During sleep, dreams—sensory data more or less divorced from reality—will take place. Dreaming is apparently a universal phenomenon; people who report dreamless sleep are merely failing to remember their dreams. The American physiologist William Dement, studying sleeping subjects in 1952, noticed periods of rapid eye movements that sometimes persisted for minutes (REM sleep). During this period, one’s breathing, heartbeat, and blood pressure, rose to waking levels. This takes place about a quarter of the sleeping time. A sleeper who was awakened during these periods generally reported having had a dream. Furthermore, a sleeper who was continually disturbed during these periods began to suffer psychological distress; the periods of distress were multiplied during succeeding nights as though to make up for the lost dreaming.

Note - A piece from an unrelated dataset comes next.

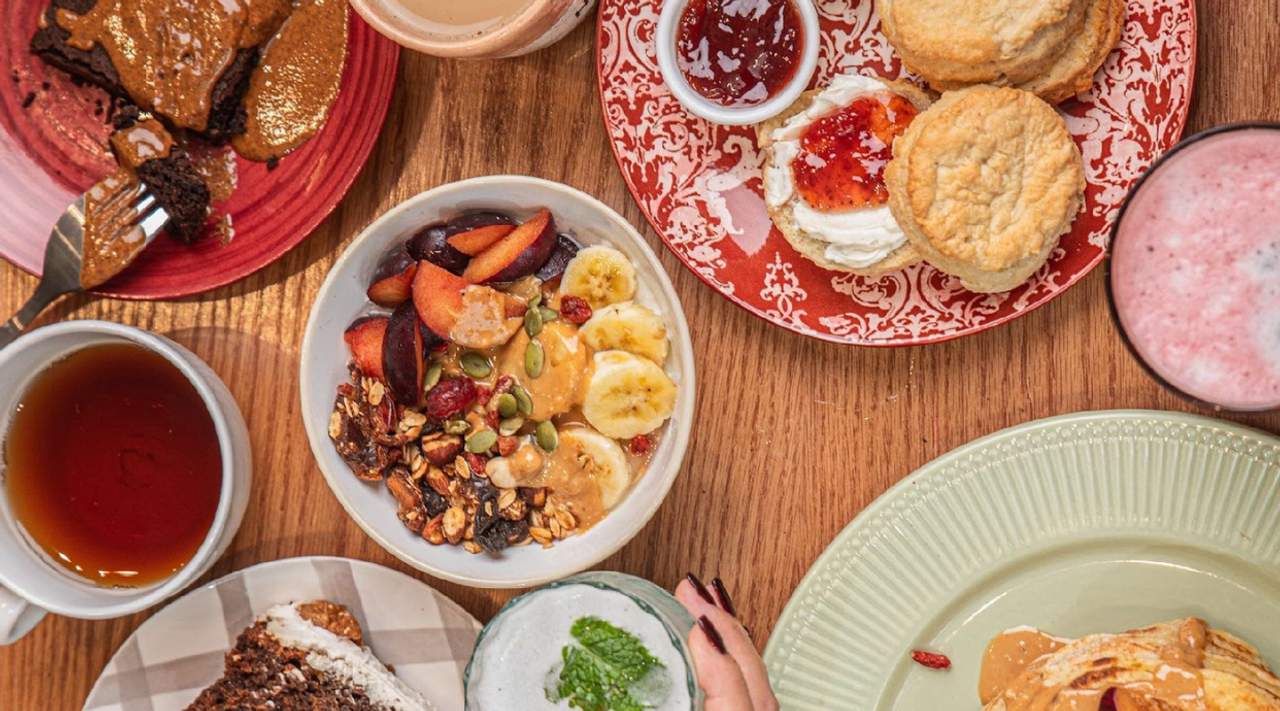 Pancakes du chef servis avec jus de citron ou jus de carotte, accompagnés au choix de beurre de cacahuète, beurre salé ou fruits frais

It would seem, then, that dreaming has an important function in the working of the brain. It is suggested that dreaming is a device whereby the brain runs over the events of the day to remove the trivial and repetitious that might otherwise clutter it and reduce its efficiency. Sleep is the natural time for such activity, for the brain is then relieved of many of its waking functions. Failure to accomplish this task (because of interruption) may so clog the brain that clearing attempts must be made during waking periods, producing hallucinations (that is, waking dreams, so to speak) and other unpleasant symptoms. One might naturally wonder if this is not a chief function of sleep: since there is very little physical resting in sleep that cannot be duplicated by quiet wakefulness. REM sleep even occurs in infants who spend half their sleeping time at it and who would seem to lack anything about which to dream. It may be that REM sleep helps the development of the nervous system. (It has been observed in mammals other than humans, too.)
THE SPINAL CORD
Below the cerebrum is the smaller cerebellum (also divided into two cerebellar hemispheres) and the brain stem, which narrows and leads smoothly into the spinal cord extending about 18 inches down the hollow center of the spinal column.